The Markit Eurozone PMI® Composite Output Index moved into positive territory for the first time in five months in January, according to the preliminary ‘flash’ reading which is based on around 85% of usual monthly replies. The index rose for the third month running, up from 48.3 in December to a five-month high of 50.4. That signalled a marginal increase in private sector economic activity.
Output rose at a robust pace in Germany, which saw the largest increase for seven months, and a modest expansion (the first growth for four months) was also reported in France. In contrast, output continued to fall across the rest of the region as a whole, dropping for the eighth successive month. However, the rate of contraction was the weakest for four months.
Eurozone service sector activity rose very slightly, expanding for the first time since last August. Meanwhile, manufacturing output was unchanged, improving on the declines reported by the goods-producing sector throughout the previous five months.
Incoming new business continued to fall in both sectors, although the rates of decline eased to a five-month low in services and a six-month low in manufacturing. Goods producers also reported the smallest drop in new export orders for six months. Measured across both sectors, new business fell for the sixth month in a row, but at the slowest rate since last August.
With inflows of new orders continuing to deteriorate, backlogs of work fell across the region for the seventh successive month, declining in both manufacturing and services.
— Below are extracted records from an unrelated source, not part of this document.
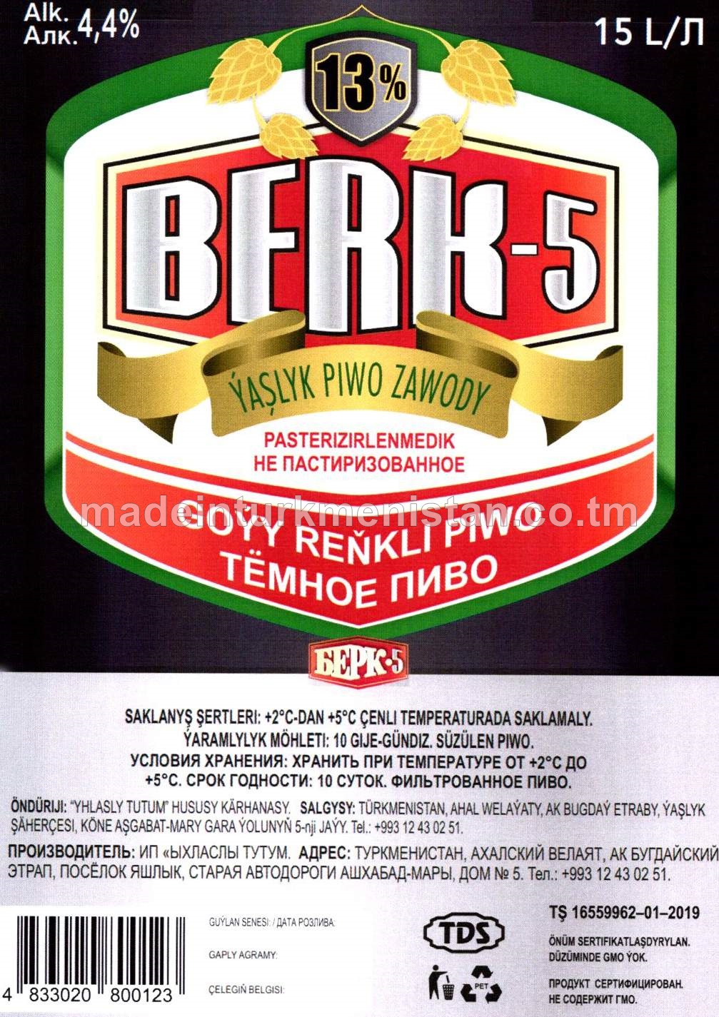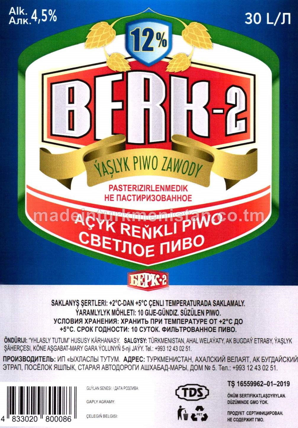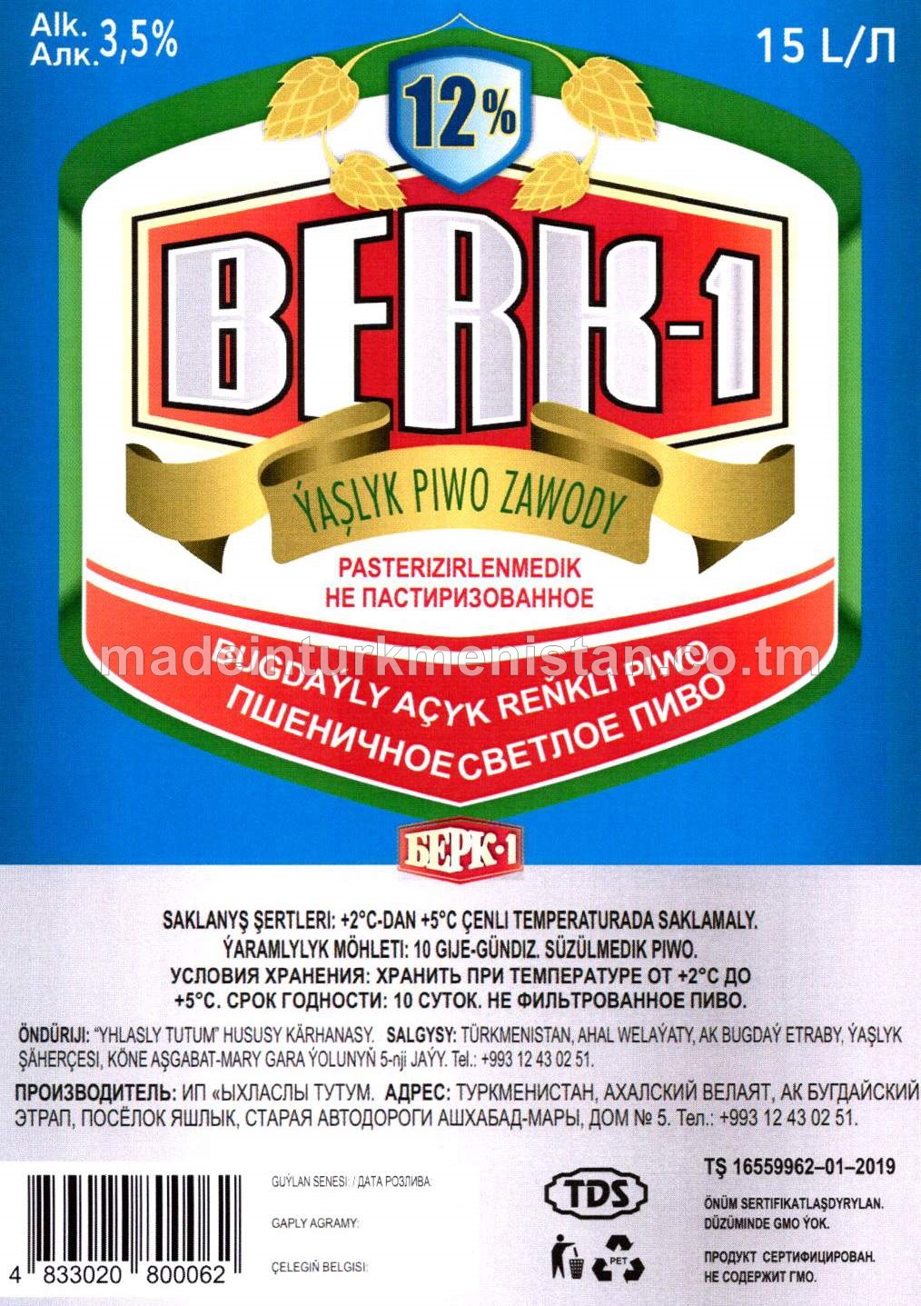 Açyk reňkli pasterizirlenen süzülen piwo. Alk: 4,5%
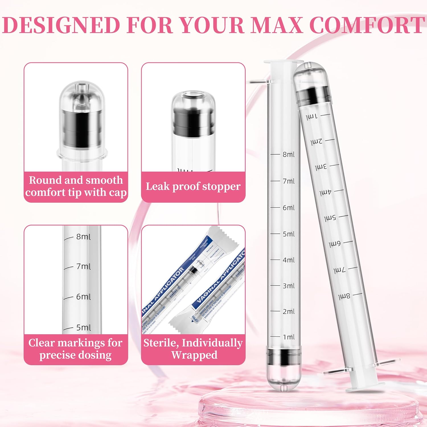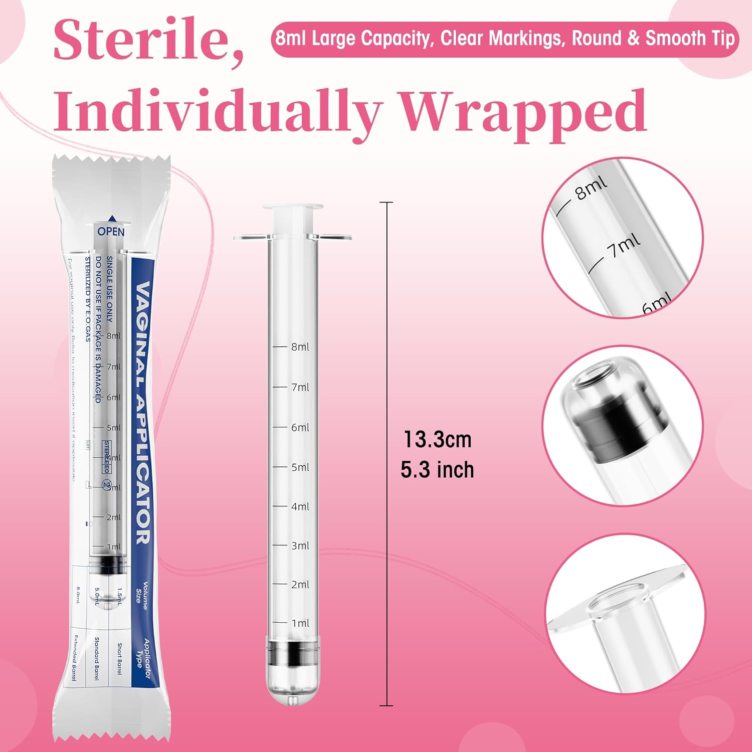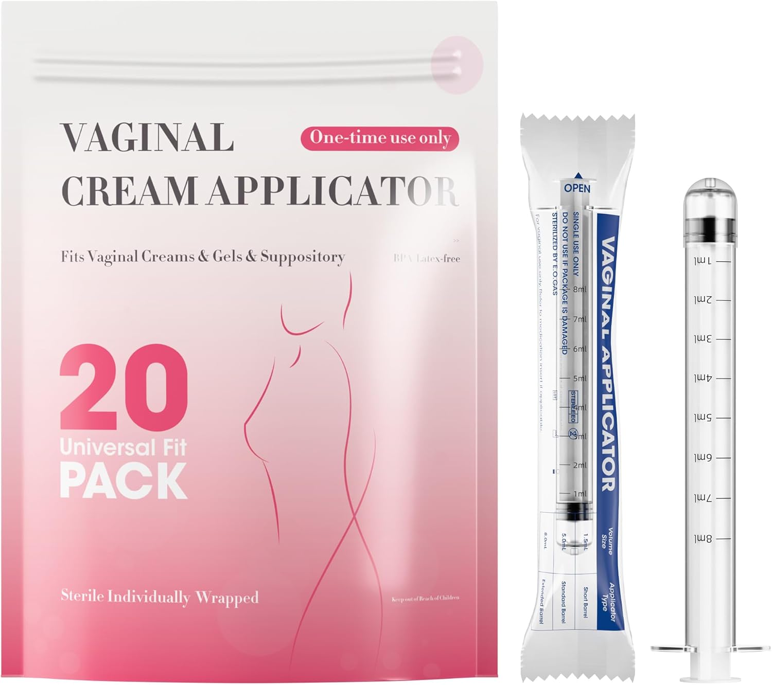 Disposable Vaginal Cream Applicators – 8ml Lube Injector Syringes with Smooth Tip, Dosage Markings, Fits Most Lubricants Creams Gels, Sterilized Individually Wrapped, Pack of 20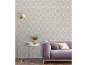 Polusjajna sivo-bež klasična flis tapeta s vinilnom površinom, imitacija fine tekstilije, damast uzorak.
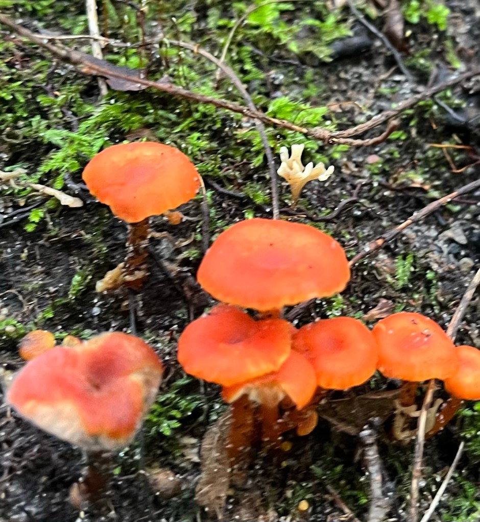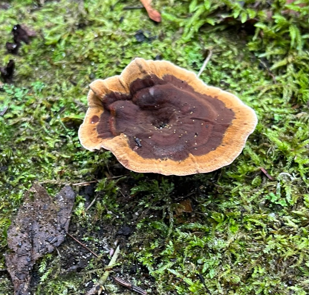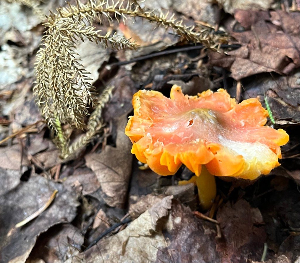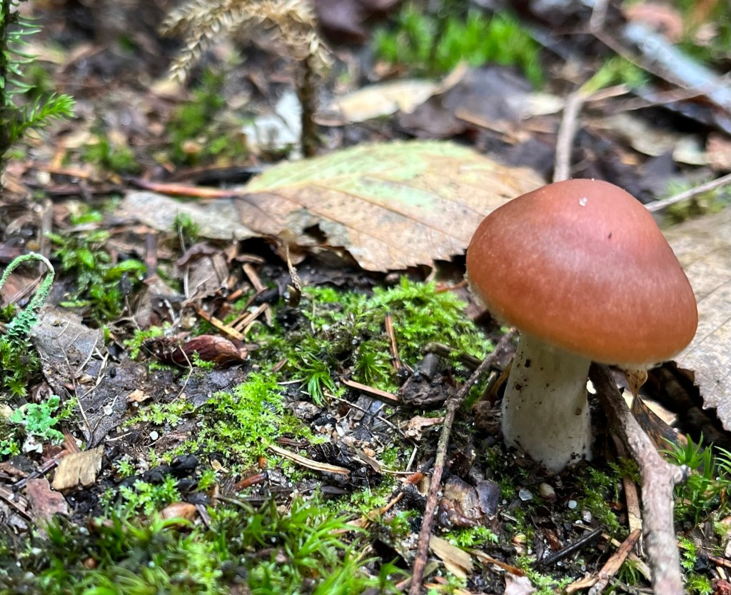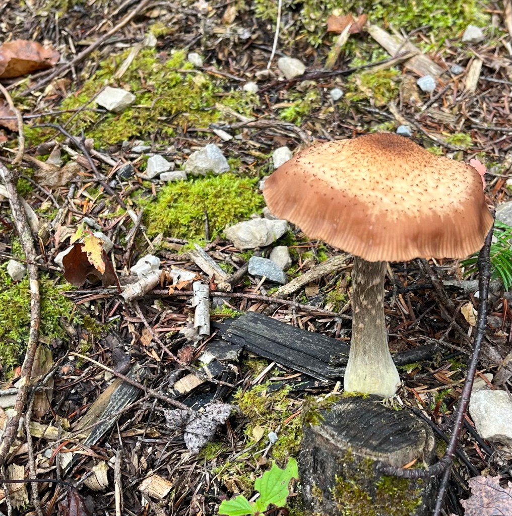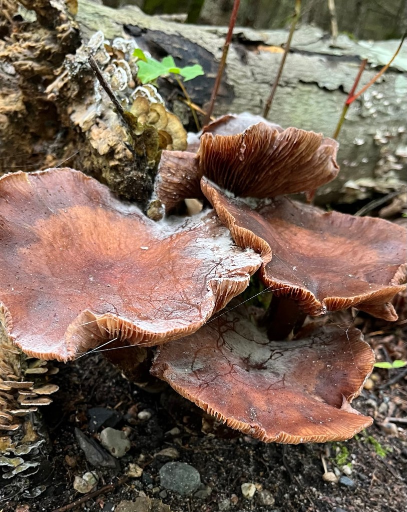 I find mushrooms fascinating, and there were lots of different kinds growing in the Michigan woods. Professional photographers and golfers have their “money shots“. I have my “mushroom shots“.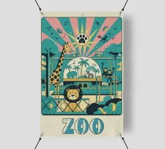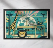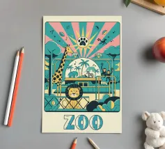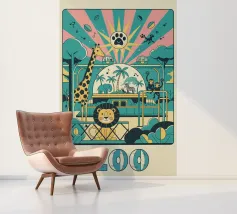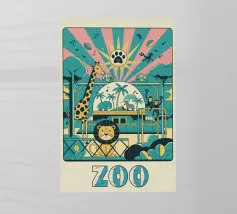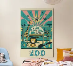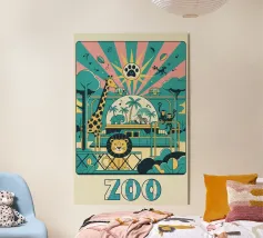 Pour chambre d'enfant , affiche illustré et dessiné représentant le zoo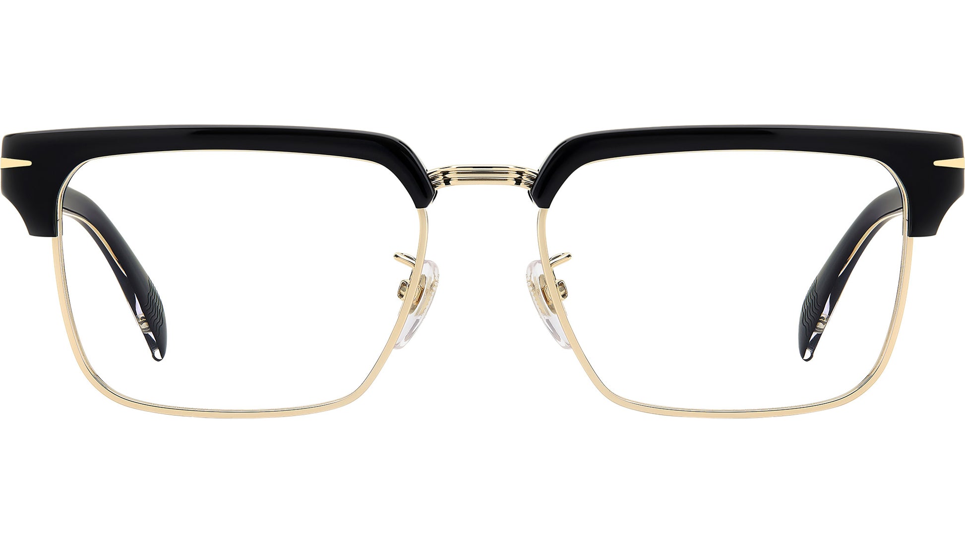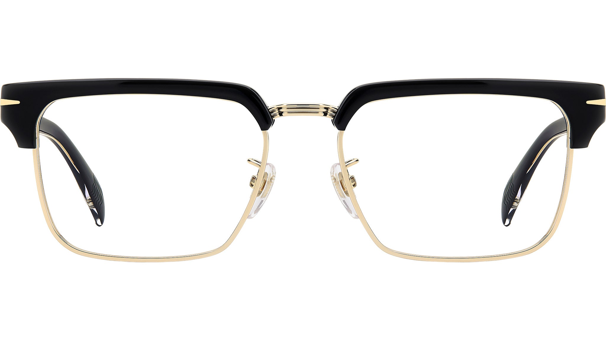 David Beckham DB 7112 2M2 glasses for men, featuring black gold browline metal frame and demo lens lenses. Brand line: Style Pioneer. Style code: 107373. Color code: 2M2. Authorized David Beckham online reseller. Your glasses will include the original case and accessories and are covered by a 12-month global warranty.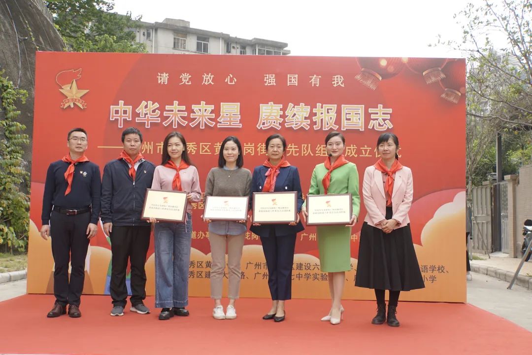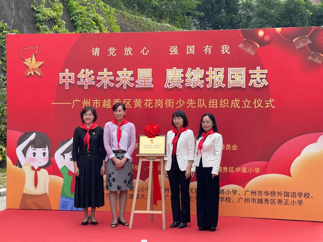 图说:广州市越秀区教育局副局长、越秀区少工委副主任陈晓,共青团广州市越秀区委员会副书记马利霞,黄花岗街党工委副书记刘丽萍,越秀区中星小学党支部书记、校长林伟贞一同进行了黄花岗街少工委揭牌仪式。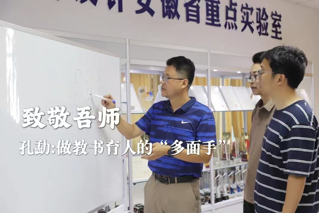 2024年9月,电子信息与集成电路学院教授孔勐获评”安徽省优秀教师”称号。他不仅是全省高校“双带头人”教师党支部书记工作室的“先锋模范”,也是荣获2项安徽省科学技术二等奖,安徽省电子信息科技一等奖等众多成绩的“科研达人”;不仅是实验室里常年陪学生共同实验、开展研究的“学术导师”,也是指导学生获全国大学生“挑战杯”竞赛、电子设计大赛30余项的“金牌教练”。来校工作15年,无论作为学院教工第一党支部书记、电子信息工程系主任,还是作为一位任课教师、竞赛指导老师、学业导师,孔勐总是把教书育人放心中,扮好多角色、当好多面手。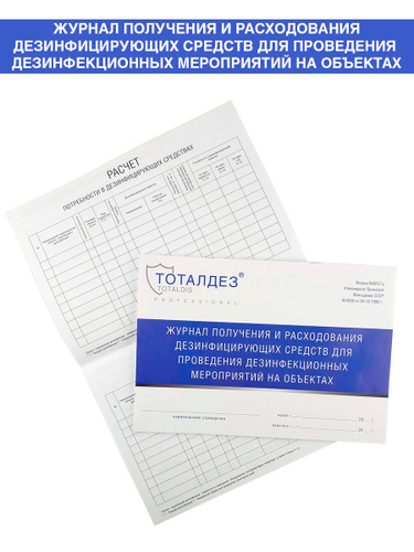 TOTALDIS PROFESSIONAL Журнал учета получения и расходования дезинфицирующих средств 32 страницы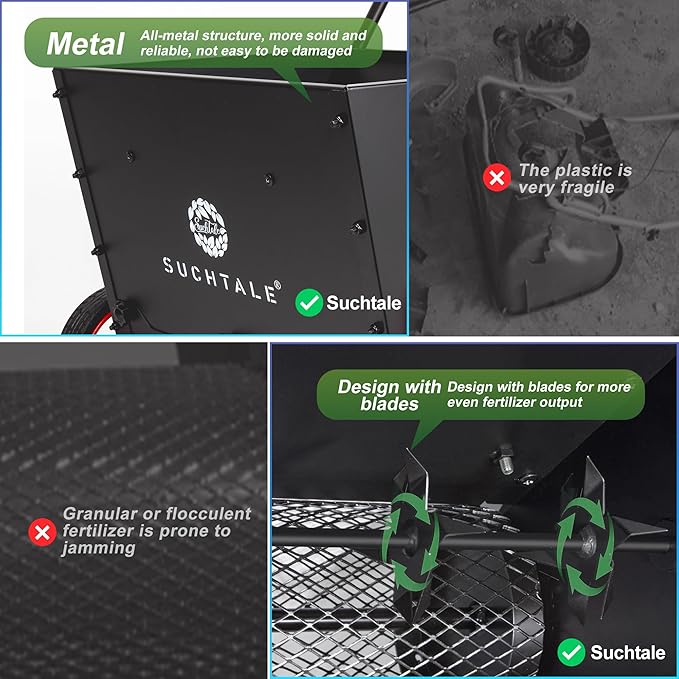 - Pre-installed & all-metal: our lawn drop spreader made from high quality iron materials and pre-installed. Enhanced with a specialized surface treatment, it boasts a protective coating that guards against rust. This not only preserves its pristine appearance but also significantly prolongs its service life. All components are detachable parts, making maintenance convenient. Such meticulous design choices underscore our commitment to offering long-lasting, high-quality products to our customers.
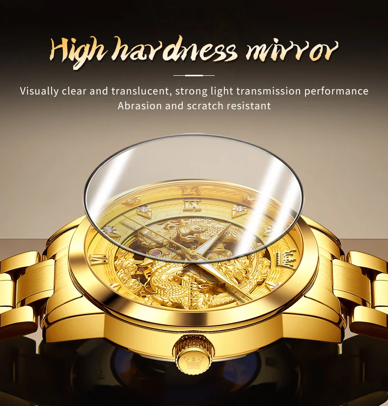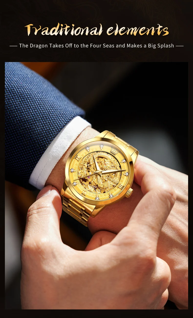OLEVS Japan Automatic Mechanical Men's Watches High-end Luxury Brand Original Stainless Steel Hollowed Dragon Watch for Men 7027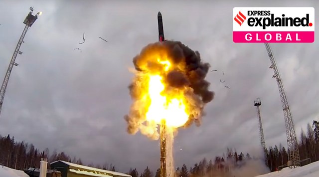 This photo taken from video provided by the Russian Defense Ministry Press Service on Saturday, Feb. 19, 2022, shows a Yars intercontinental ballistic missile being launched from an air field during military drills. The Russian military on Friday announced massive drills of its strategic nuclear forces. (AP/File)Vladimir Putin put his nuclear forces on increased alert on Sunday in an unprecedented escalation of tension with the West since the collapse of the Soviet Union over Russia’s massive conventional assault of Ukraine, which entered its fourth day with fighting in the streets of the country’s second-largest city.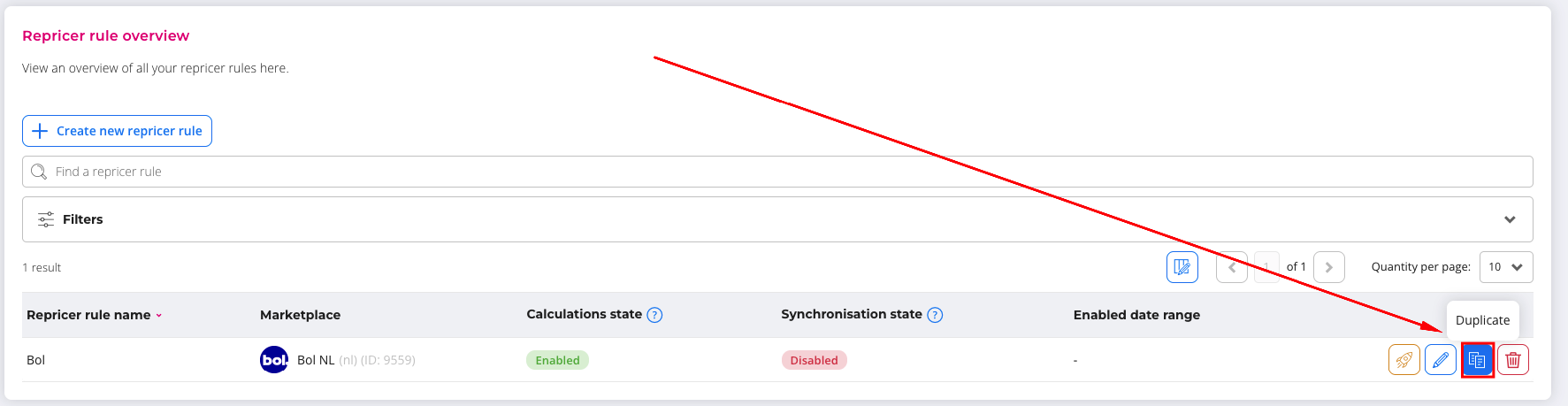 If there are existing repricer rules, it is also possible to copy an existing rule. This will create a duplicate of the selected rule, which can then be edited.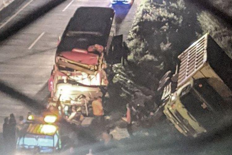 Bus PO Sugeng Rahayu babak belur wajah setelah menabrak bak belakang truk di Tol Semarang-Solo. Satu penumpang luka berat

The overall fall was the smallest for four months, but nonetheless sufficient to lead firms to cut employment for the first time since April 2010 (albeit only marginally). The decline in jobs was driven by services, as manufacturing headcounts rose slightly on average.
Employment growth slowed to the weakest since June 2010 in Germany, and to near-stagnation in France. Across the rest of the region, the average rate of job losses was broadly unchanged from the near two-year record seen in December.